Re: extracting urls
On Nov 18, 9:01 am, mnml <rdelsa...@gmail.com> wrote:
Hi, I made a little function to extract urls from any content with a
regular expression but it doesn't really work.
when i try to extract urls fromhttp://google.comi only get 4 results
in my array:
*http://images.google.nl/imghp?oe=ISO-8859-1&hl=nl&tab=wi
* http://
* .nl
* /imghp?oe=ISO-8859-1&hl=nl&tab=wi
Here is the code of my function:
public static void find_url(String content) {
Pattern p = Pattern.compile("(@)?(http://)?[a-zA-Z_0-9\\-]+(\\.\\w[a-
zA-Z_0-9\\-]+)+(/[#&\\n\\-=?\\+\\%/\\.\\w]+)?");
Matcher m = p.matcher(content);
if (m.find())
{
for (int i=0; i<=m.groupCount(); i++) {
myVar.urls[i] = m.group(i);
}
}
}
Don't clutter the forum with your multi posts, please!
Your regex code is very wrong. Study this code and go to bed. I didn't
touch your weird regex string but I firmly believe it is also wrong
for your desired purpose which I don't know in its details.

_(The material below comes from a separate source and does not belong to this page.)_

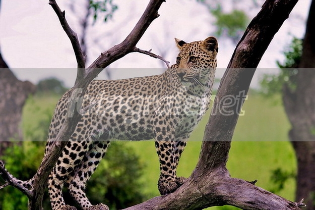January 2010..nnThe leopard (pronounced /ˈlɛpərd/), Panthera pardus, is a member of the Felidae family and the smallest of the four "big cats" in the genus Panthera, the other three being the tiger, lion and jaguar. Once distributed across southern Asia and Africa, from Korea to South Africa, the leopard's range of distribution has decreased radically due to hunting and loss of habitat, and the greatest concentration of leopards now occurs chiefly in sub-Saharan Africa; there are also fragmented populations in Pakistan, India, Indochina, Malaysia, and China. Due to the loss of range and declines in population, it is graded as a "NEAR THREATENED" species. Its numbers are greater than other Panthera species, all of which face more acute conservation concerns.[2]nnThe leopard has relatively short legs and a long body, with a large skull. It is similar in appearance to the jaguar, although it is of smaller and slighter build. Its fur is marked with similar rosettes to those of the jaguar, though the leopard's rosettes are smaller and more densely packed, and the leopard's rosettes do not usually have central spots as the jaguar's do. Both leopards and jaguars that are melanistic (completely black or very dark) are known as black panthers.

----------------------------------------------
import java.net.*;
import java.util.regex.*;
import java.io.*;
import java.util.*;
public class Mnm{
public static void main(String[] args) throws Exception{
String contStr = "";
String line = null;
Locale.setDefault(Locale.US);
// String urlStr = "http://google.com";
String urlStr = "http://www.google.com/ig?hl=en";
if (args.length > 0){
urlStr = args[0];
}
URL url = new URL(urlStr);
InputStream is = url.openStream();
BufferedReader br = new BufferedReader(new InputStreamReader(is));
while ((line = br.readLine()) != null){
contStr += line;
}
findUrl(contStr);
}
public static void findUrl(String content) {
int gc, counter, gcounter;
gc = counter = gcounter = 0;
Pattern p = Pattern.compile
("(@)?(http://)?[a-zA-Z_0-9\\-]+(\\.\\w[a-zA-Z_0-9\\-]+)+(/[#&\\n\\-=?\
\+\\%/\\.\\w]+)?");
Matcher m = p.matcher(content);
gc = m.groupCount();
for (int i = 0; i <= gc; ++i){
System.out.println("GROUP" + i + " : ");
while (m.find()){
++counter;
++gcounter;
System.out.println(gcounter + ".> " + m.group(i));
}
m.reset(content); // for next group
gcounter = 0;
}
if (counter == 0){
System.out.println("--no match--");
}
}
}
----------------------------------------